### [Exercise brief]
Word for word, copy the data that follows and skip its pictures.

### [Data section]
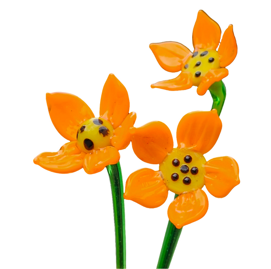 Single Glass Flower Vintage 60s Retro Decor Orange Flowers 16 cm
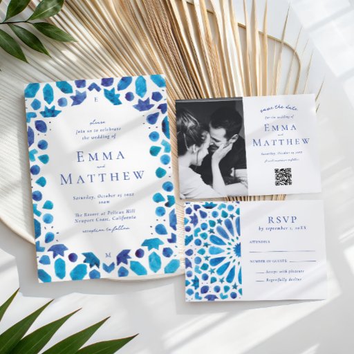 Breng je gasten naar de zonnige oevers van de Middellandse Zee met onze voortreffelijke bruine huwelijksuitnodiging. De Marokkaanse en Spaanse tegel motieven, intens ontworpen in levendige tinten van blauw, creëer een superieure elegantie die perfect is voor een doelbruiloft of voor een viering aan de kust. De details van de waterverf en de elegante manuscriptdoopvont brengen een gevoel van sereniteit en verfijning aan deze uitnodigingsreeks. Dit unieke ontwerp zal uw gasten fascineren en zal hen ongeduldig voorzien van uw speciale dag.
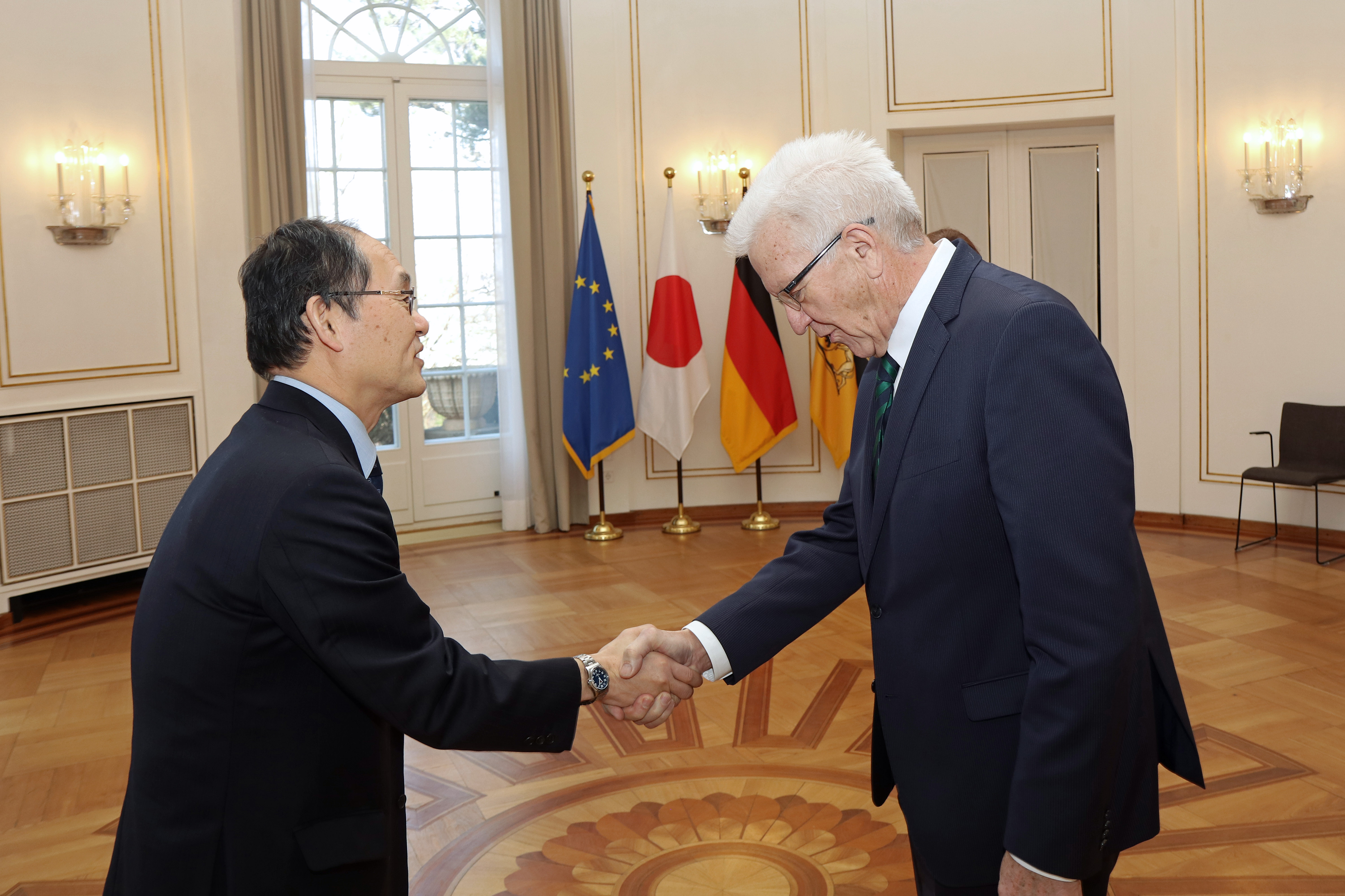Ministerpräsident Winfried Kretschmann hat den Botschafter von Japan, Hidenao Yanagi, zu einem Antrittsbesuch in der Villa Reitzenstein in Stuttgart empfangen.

### [Exercise response]
 Single Glass Flower Vintage 60s Retro Decor Orange Flowers 16 cm
 Breng je gasten naar de zonnige oevers van de Middellandse Zee met onze voortreffelijke bruine huwelijksuitnodiging. De Marokkaanse en Spaanse tegel motieven, intens ontworpen in levendige tinten van blauw, creëer een superieure elegantie die perfect is voor een doelbruiloft of voor een viering aan de kust. De details van de waterverf en de elegante manuscriptdoopvont brengen een gevoel van sereniteit en verfijning aan deze uitnodigingsreeks. Dit unieke ontwerp zal uw gasten fascineren en zal hen ongeduldig voorzien van uw speciale dag.
Ministerpräsident Winfried Kretschmann hat den Botschafter von Japan, Hidenao Yanagi, zu einem Antrittsbesuch in der Villa Reitzenstein in Stuttgart empfangen.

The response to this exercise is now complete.